We have all been well attuned over the decades since mutual funds became available to be daily traded under DC plans to a very particular view of an investment funds’ cost. ERISA’s participant investment disclosure rules have successfully established what I best described as a certain “language,” which permits any participant or fiduciary to assess whether the cost of any mutual fund investment is competitive and reasonable. These costs are strikingly explicit, well defined and even required under the SEC’s prospectus disclosure rules. This data then enables the fiduciary advisors’ “qualitative” exercise of judgement in their provision of advice.
These well-established data points are all now turned topsy-turvy when fiduciaries attempt to apply some version of them to assessing the annuity investments in a DC plan. After all, these annuity products are widely offered in tandem with mutual fund investments in target date funds and as elements of managed accounts.
There then becomes a two-fold challenge: first, how do you assess the prudence of the purchase of the annuity coverage, and, secondly, how do you then cobble that assessment together with the independent assessment of the mutual fund investments to which they are tied? There is then the added complication of the “fixed account” portion of these arrangements, often funded by an insurance general account, which has its own standards against which it must be benchmarked.

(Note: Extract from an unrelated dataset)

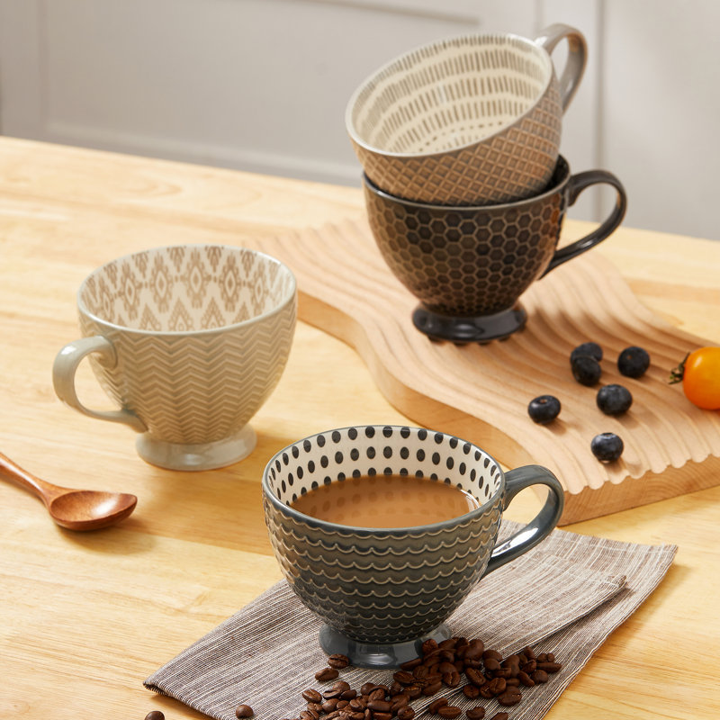Start off your morning right with a steaming mug of hot coffee, tea, or cocoa. This set of four, footed mugs makes the perfect vessel for your favorite hot drink. Each one holds 14 oz. and is crafted from stoneware. Each one showcases an embellished outside and patterned inside, perfect for modern or boho kitchens. This batch is easy to use. All you have to do is place it in the dishwasher. And if you need to warm up quickly, they are also safe for the microwave.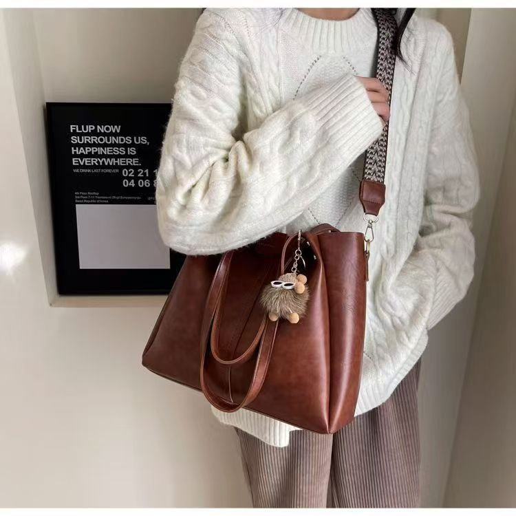 【超大容量轻便减负❗️简约大气百搭】大容量托特包包女秋冬时尚复古单肩包宽带斜挎包大学生上课通勤包。jd

Though annuities can, and often do, provide access to equity exposure through either their separate accounts in variable annuities or indices in fixed indexed annuities which CAN be easily benchmarked, assessing the prudence of an insurance guarantee of lifetime income is quite a different matter. This is in large part because of the nature of the purchase: the fiduciary isn’t simply choosing an objectively benchmarked investment; it is paying the insurance company for its financial exposure to actuarial risk; investing in and maintaining the infrastructure necessary to support that risk over generations; and its costs in establishing the expertise necessary to providing those sorts of services. These types of intergenerational costs are not given to the sort of fee disclosure to which we have all become accustomed.
Mutual funds or CITs are incomparable, as they don’t need to build what it takes to guarantee payments over a lifetime. A very simple example is the annuity contract itself: in order to be able to be sold to a plan in any state, the terms of the contract have to (1) accommodate that particular state’s legally required terms, and (2) it has to be submitted independently to each state for its own approval. There is no such demand of a CIT.

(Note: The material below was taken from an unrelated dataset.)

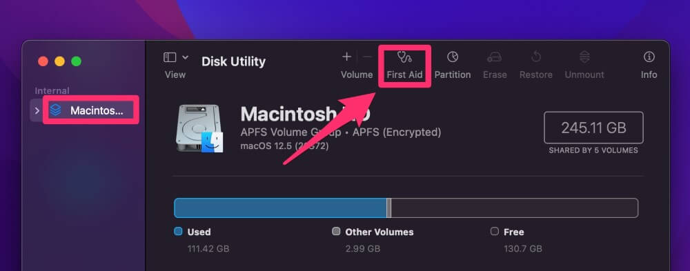 TıklayınDisk yardımcı programı. Sabit sürücüyü tıklayın. Tıklamakİlk yardım.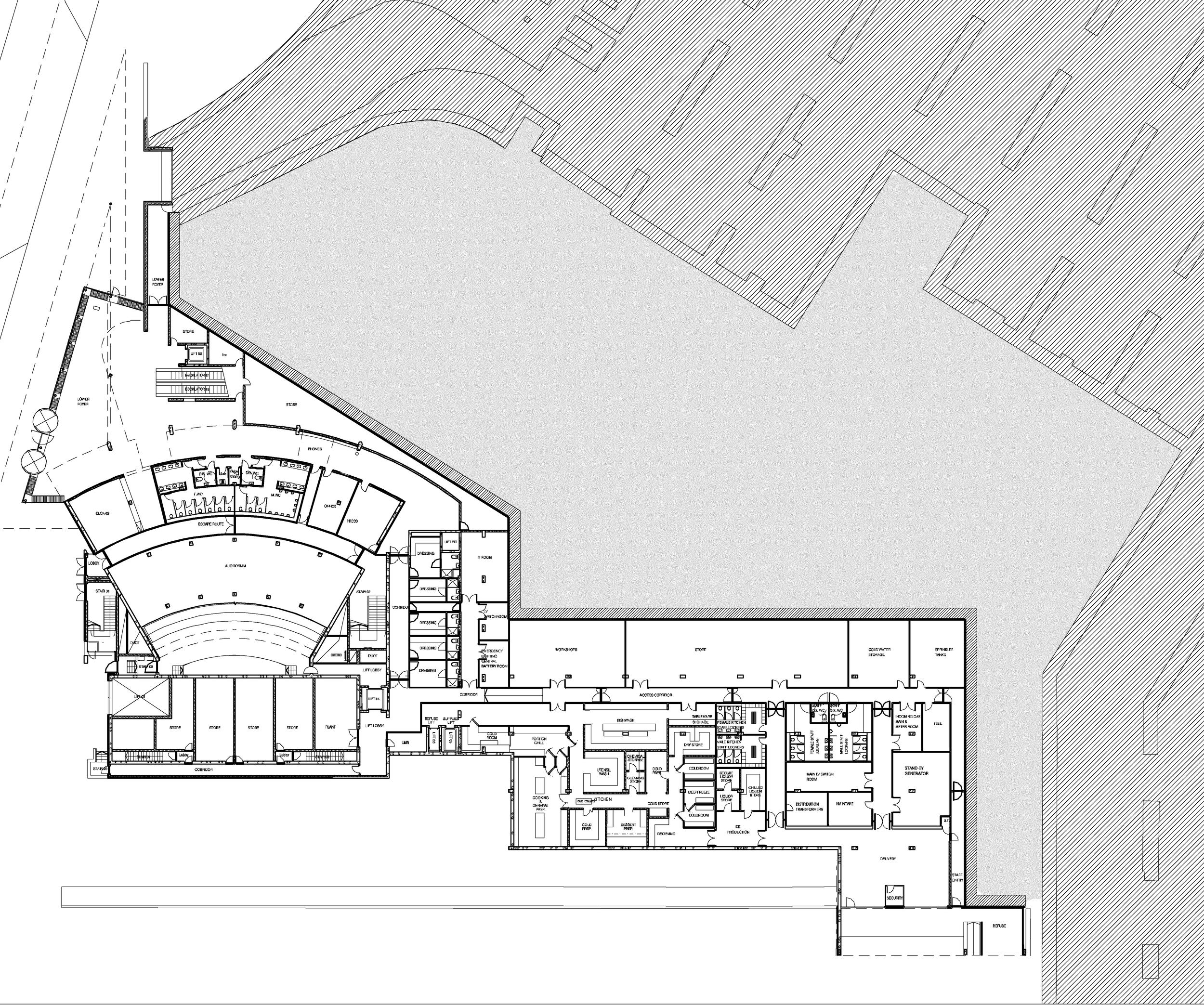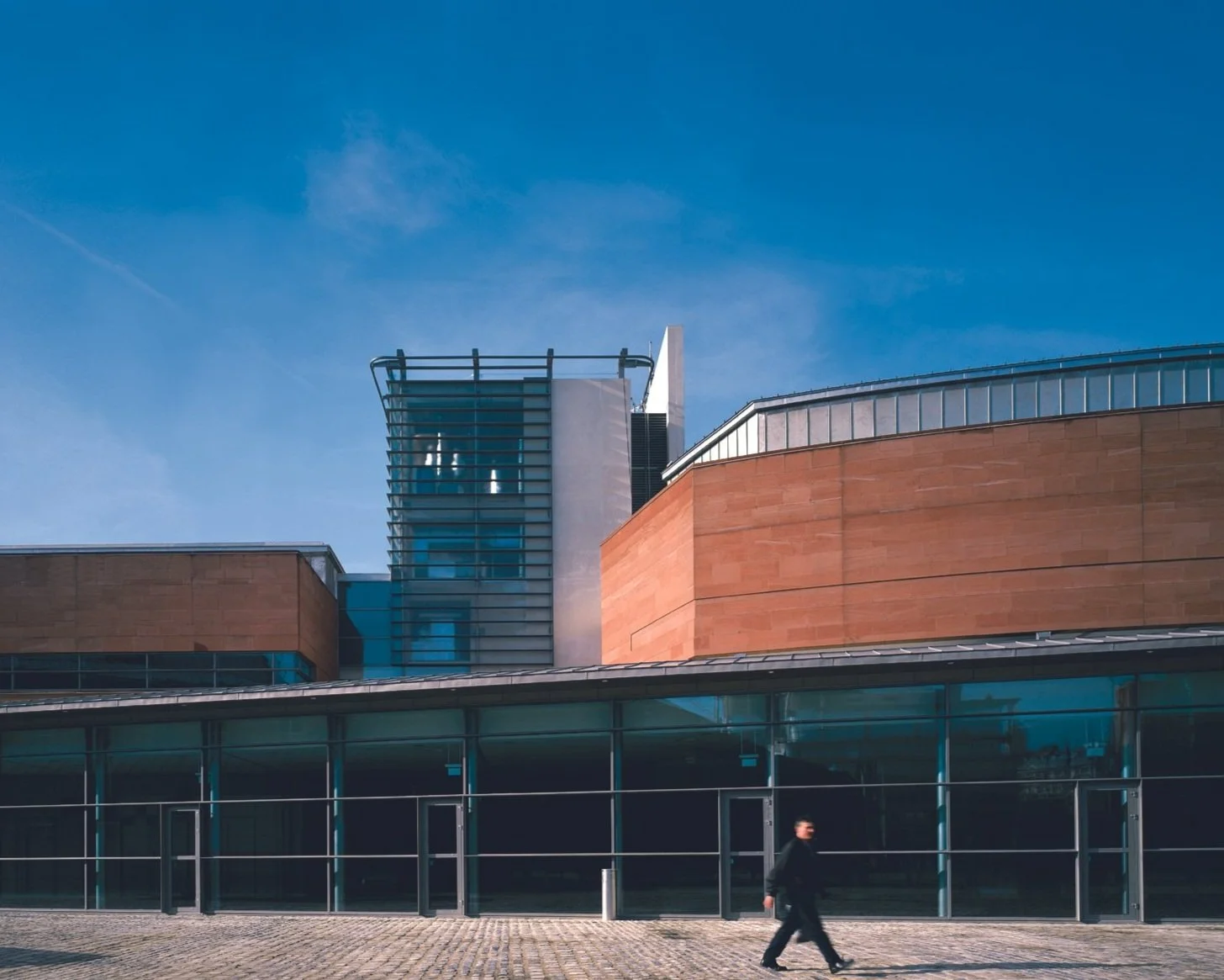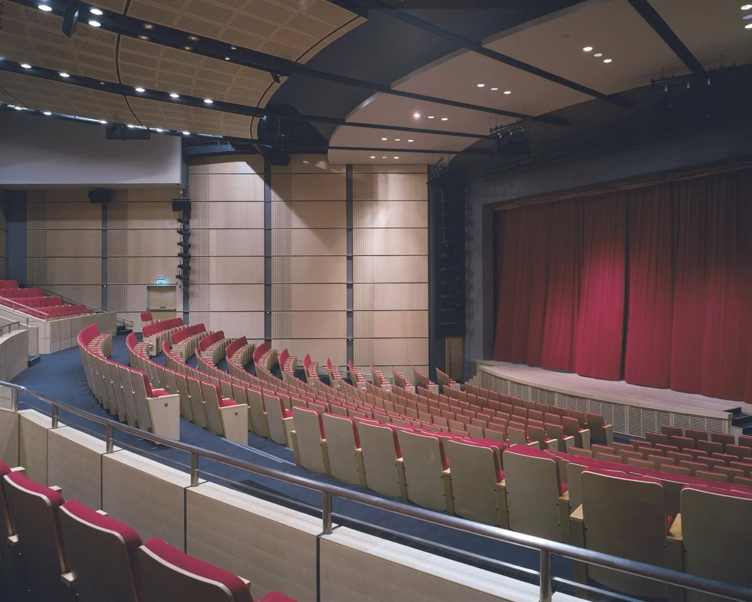 The fan form of the auditorium, generated by acoustic studies for speech rather than music, is expressed externally as a homogenous red sandstone form crowned with a metal roof. This form dominates the approach elevations rising above the public foyers allowing a teasing glimpse of underbelly fully revealed internally.

There is recognition of this state of affairs. For example, the DOL’s Model Participant Disclosure form actually started to lay the foundation for what needs to be done. “Table 4-Annuity Options” under the 404a-5 regs recognizes this state of affairs by looking at “Objectives/Goals,” Pricing Factors,” and “Restrictions Fees.” It is this from which we should all be building.
One of the biggest obstacles is that he defined contribution market is still generally unfamiliar with-and reticent to use- the terminology and concepts related to these annuities. Much of the confusion and reluctance seems, however, to relate to the lack of familiarity of fiduciaries and participants with annuity terms, and not necessarily due to any inherent complexity in their use.
I expect that, just like the defined contribution market becoming comfortable over time with the terms and concepts of mutual fund investments and their operation, the market will eventually achieve a similar level of familiarity with annuity terminology. The manner in which to properly benchmark those products will then become routine. It does involve, oddly enough, acceptance and use of something other than the traditional view of “costs” which have dominated the equity market-a quantitative assessment which may otherwise be considered “opaque” in the equity world. But it also entails the insurance industry accepting more transparency in explaining to fiduciaries what it does.